DAH Associated With Vasculitis or Capillaritis:
Most of the cases of diffuse alveolar hemorrhage are caused by pulmonary capillaritis. Also, DAH is associated with systemic vasculitis, systemic lupus erythematosus, and collagen vascular diseases. It is also related to several other conditions, including transplantation and the use of certain drugs.
Bland Pulmonary Hemorrhage (DAH Without Capillaritis or Vasculitis):
In this condition, infiltration of the red blood cells (RBCs) into the alveolar spaces is seen without the presence of inflammation or destruction of the alveolar microvasculature. It has been found that anti-GBM (glomerular basement membrane) disease and systemic lupus erythematosus can induce both bland pulmonary hemorrhage and pulmonary capillaritis.

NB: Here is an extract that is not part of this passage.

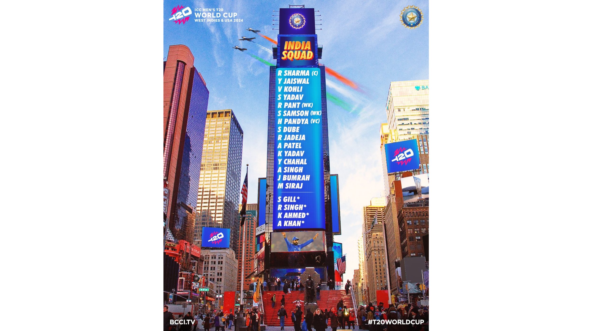 टी-20 वर्ल्ड कपसाठी भारतीय संघ : रोहित शर्मा, यशस्वी जैस्वाल, विराट कोहली, सूर्यकुमार यादव, ऋषभ पंत (यष्टीरक्षक), संजू सॅमसन (यष्टीरक्षक), हार्दिक पांड्या (उपकर्णधार), शिवम दुबे, रवींद्र जडेजा, अक्षर पटेल, कुलदीप यादव, युजवेंद्र, अर्शदीप सिंग, जसप्रीत बुमराह, मोहम्मद सिराज. राखीव : शुभमन गिल, रिंकू सिंग, खलील अहमद, आवेश खान

DAH Associated With Other Conditions:
In this type, diffuse alveolar hemorrhage is caused by conditions other than pulmonary vasculitis or the direct extravasation of red blood cells, such as inhalation or cytotoxic drug therapy.
What Are the Signs and Symptoms of Diffuse Alveolar Hemorrhage?
Mild forms of diffuse alveolar hemorrhage present with symptoms such as cough, dyspnea (shortness of breath), and fever. In addition, most patients present with acute respiratory failure, which may sometimes become fatal. Hemoptysis (coughing up blood) is a common symptom of DAH but may not be present in one-third of the patients. Most patients experience anemia and bleeding, resulting in reduced hematocrit (the percentage by volume of red blood cells in the blood). There are no specific clinical findings of DAH. Other signs and symptoms depend on the underlying condition (for example, a diastolic murmur in patients with mitral stenosis).
What Are the Complications of DAH?
Recurrent diffuse alveolar hemorrhage can result in organizing pneumonia, collagen deposition, and eventually pulmonary fibrosis.
How Is DAH Diagnosed?
The diagnosis depends on the history, clinical examination, radiographic imaging, bronchoscopy, and laboratory studies. The presence of dyspnea, cough, and hemoptysis with radiographic findings suggest the presence of DAH. A chest X-ray shows diffuse bilateral alveolar infiltration. A bronchoscopy with bronchoalveolar lavage is performed to confirm the diagnosis. The specimens obtained show the presence of numerous RBCs. In addition, the lavage fluid used remains hemorrhagic. Other laboratory tests, such as complete blood count, coagulation studies, platelet count, and serological tests, are also performed. Pulmonary function tests may be done to monitor the lung function.
How Is DAH Treated?
Treatment for DAH depends on the underlying cause. Corticosteroids are used for treating vasculitis, connective disorders, and Goodpasteur’s syndrome. Plasma exchange (a machine is used to separate the plasma from the blood cells, and the blood cells are mixed with a liquid and returned to the body to replace the plasma) is also used in the treatment of Goodpasteur’s syndrome. Recombinant-activated human factor VII is also used to treat severe DAH. Other measures include the use of supplemental oxygen, reversal of coagulopathy, the use of bronchodilators, and protective intubation for acute respiratory distress syndrome and mechanical ventilation.
Conclusion:
Diffuse alveolar hemorrhage is a condition caused by various disorders. Careful examination, medical history, and laboratory studies help in diagnosing this condition. Early diagnosis, a systematic approach, and aggressive treatment help decrease the mortality and morbidity associated with diffuse alveolar hemorrhage.